Ao terceiro dia, conta-se que o ator foi passear sozinho pela natureza e encontrou uma égua. Quando regressa à sala dos argumentistas, começa a falar sobre a comunhão com a natureza e sugere que o tema do filme deve ser o "amor pela natureza".
"Rapidamente, ele coloca um discurso da Greta Thunberg no seu computador, com música de rock em fundo. Durou um quarto de hora", recorda Thomas Bidegain, que acrescenta que o ator começou a chorar e a comentar as suas emoções: "Estou a chorar, estou a chorar, são lágrimas a sério".
Foi "a maior gargalhada da minha vida", comenta a argumentista Valentine Monteil sobre a sua reação, mesmo com a máscara colocada, ao momento em que o ator "declara que tudo tem de ser reescrito, todas as declarações de amor devem ser declarações à natureza. Vejo o Thomas a dizer para si mesmo que vai perder os seus 26 milhões. Ele inclina-se então na minha direção e diz: 'Como é que se diz 'ser fo****' na Islândia?' Porque foi exatamente isso que aconteceu…”.
Nessa altura, Vanessa Kirby decide intervir para dizer que a personagem do colega deve morrer no fim, que "Suddenly" é um filme feminista e o que está escrito "não é suficientemente moderno, é demasiado Disney". E recusa fazer o final que está escrito antes de começar também a chorar, "enquanto o Thomas percebe que ela se está a gravar a si própria com o seu iPhone" e pensa "'É o seu momento'. O Jake parece olhar para ela com desprezo".
Pela sua parte e na França, o prestigiado produtor Alain Attal recusa alterar o argumento aprovado pelo estúdio para um filme que já está vendido "para 20 territórios".
Ao quarto dia e depois de Thomas Bidegain levar toda a equipa a descobrir as incríveis paisagens do local, o ator mostra-se mais entusiasmado e decide despir-se para nadar no Oceano Atlântico com temperaturas à volta dos três graus ("Quando vejo o mar, tenho de nadar no mar", explicou).
O cineasta também volta a ter esperança que tudo vai correr bem depois de uma nova leitura em voz alta do argumento: "Quando eles representam, tudo ganha vida e torna-se incrivelmente poderoso. É comovente ver dois grandes atores abordarem o que escrevemos".
Mas segundo o artigo, o ator principal regressa ao confronto e ao tema da "verdade do filme" depois do jantar, antes de saber que os operários que vão construir os 'sets' chegam no dia a seguir e ter "um ataque de raiva": diz que têm de dormir nos carros para não trazerem a COVID-19 para o hotel, começa a gritar que não quer que existam cenários e exige ver os planos de construção antes de dizer que são todos incompetentes e ameaçar abandonar o projeto.
Cansado com quatro dias de divergências, Thomas Bidegain perde a paciência e responde-lhe para seguir em frente.

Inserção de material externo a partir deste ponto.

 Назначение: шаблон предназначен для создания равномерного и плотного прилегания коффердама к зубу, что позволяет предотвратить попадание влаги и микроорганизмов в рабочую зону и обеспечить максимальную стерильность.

Na manhã seguinte, telefona ao seu produtor para contar o que se passara: Alain Attal ouve o suficiente e manda cancelar tudo.

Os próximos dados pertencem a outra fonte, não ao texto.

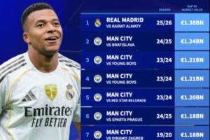 歐冠歷史身價差距最大比賽排行↓(本賽季阿森納對陣凱拉特交鋒也將躋身榜單,但由于球員身價將在后續更新中調整,故暫未列入本次統計)

Recorda o cineasta: "Vou falar com o Jake e concordarmos que não vale a pena persistir, as nossas visões divergem demasiado. Não vamos conseguir filmar em setembro. Vou dar um passeio com a Valentine num glaciar. Telefono aos financiadores, aos meus amigos americanos que me contam coisas novas sobre o Jake. Talvez não tenha sido suficientemente firme com ele, acho que queria um confronto mais forte, mas não trabalho assim... Enfim, acabou e os 26 milhões voaram".
Quando regressam, Thomas Bidegain e Valentine Monteil já veem o carro com o ator a partir na direção contrária. A despedida da Islândia foi "uma grande festa" com os operários no 36.º andar do hotel e muita comida e álcool à mistura.
Mas o "epílogo" da história é outro, pois Vanessa Kirby entrou em contacto com o cineasta algumas semanas mais tarde e quando se encontraram em Paris, propôs comprar os direitos do argumento para avançar só com Jake Gyllenhaal.
"Falo com o Alain Attal sobre isso e sugiro que lhos venda. Ele responde-me: 'Nunca na vida, eles que vão à me***. Vais reescrever em francês e vamos fazê-lo com grandes atores franceses'", conta.
E assim "Suddenly" tornou-se no "Soudain Seuls" e com Gilles Lellouche e Mélanie Thierry, com um orçamento previsivelmente mais modesto e que chegou aos cinemas franceses a 6 de dezembro com elogios da crítica.